The attorney for Bernie Bilski and Rand Warsaw, the inventors of a method for hedging energy pricing who took their patent application all the way to the Supreme Court, said they might amend their claims and try again to patent the process.
According to Atlanta patent attorney Jeff Kuester of the firm Taylor English, who represented Bilski and Warsaw in their appeal before the Supreme Court, the high court has opened the door to a more flexible interpretation of patentability than the Federal Appeals Court for the Federal Circuit did when it turned down the Bilski patent application.
'I have mixed feelings about it,' Kuester said, referring to the decision by the Supreme Court that upheld the Circuit Court's decision that Bilski's idea wasn't patentable. 'I am disappointed that the inventors' claims were found not patentable. I'm pleased that the court broadened the rule for patent eligibility that the Federal circuit had applied.'
Kuester said he believes the decision opened the door to business process inventions and similar inventions of techniques that will encourage innovations in areas that had been held back to some extent while the Bilsky patent made its way to the Supreme Court, where the decision was announced on Monday.
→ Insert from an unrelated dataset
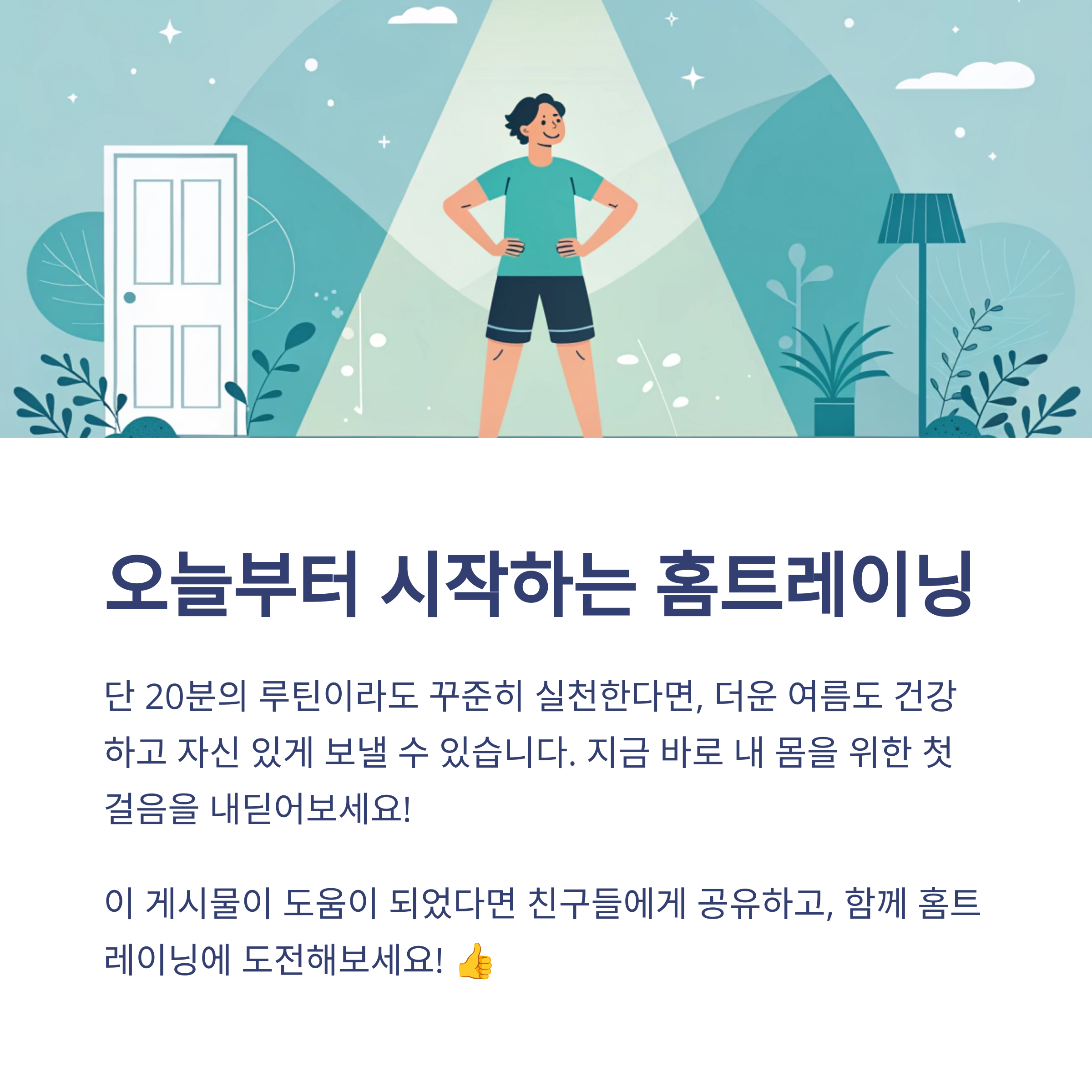 홈트레이닝은 시간과 비용, 장소의 제약 없이 누구나 실천할 수 있는 건강 습관입니다. 단 20분의 루틴이라도 꾸준히 실천한다면, 더운 여름도 건강하고 자신 있게 보낼 수 있습니다. 오늘 바로, 내 몸을 위한 첫 걸음을 내딛어보세요.

The case, Bilski v. Kappos, resulted in the Supreme Court finding that the invention by Bilski and Warsaw wasn't patentable, but it also rejected the test for patentability that any invention had to be for a machine or a process that transformed an object. This machine-or-transformation test, as it came to be called, had effectively ended patents on processes including software-based processes. The Court, in rejecting that as the only test, made it possible for other tests for patentability to be applied. The court, however, did not actually propose any such tests.
'I was surprised they didn't try to put their fingerprint on the debate in a more assertive manner,' Kuester said. 'I thought they'd try to say more about what the tests ought to be. I'm pleased they didn't.'
Kuester said, as have many others, that the machine-or-transformation tests will simply mean that inventions that had been developed as business processes may be presented so that they meet that test. This might mean, for example, that the business process could be embedded into a computer. But Kuester also thinks new cases will arise that will attempt to establish new tests for patentability.
'We will see cases fairly soon,' Kuester said. 'There are often arguments in pending cases that are presented very quickly after decisions of this magnitude.' Kuester said he thinks the
Supreme Court may wait a while before it takes another case to clarify the issue, assuming it wants to clarify. He noted that the Supreme Court may not feel that it wants to add anything to the guidance for the Circuit Court, if the lower court takes the guidance offered and eases up on the patent restrictions.
The question, of course, is whether the decision really solves any problems regarding software and business process patents. On one hand, it does tell the lower courts and the Patent and Trademark Office that such things can be patented. On the other hand, it offers little guidance beyond that. Ultimately, this means that the type and nature of any tests of patentability will have to be worked out in the lower courts, and that means years of uncertainty.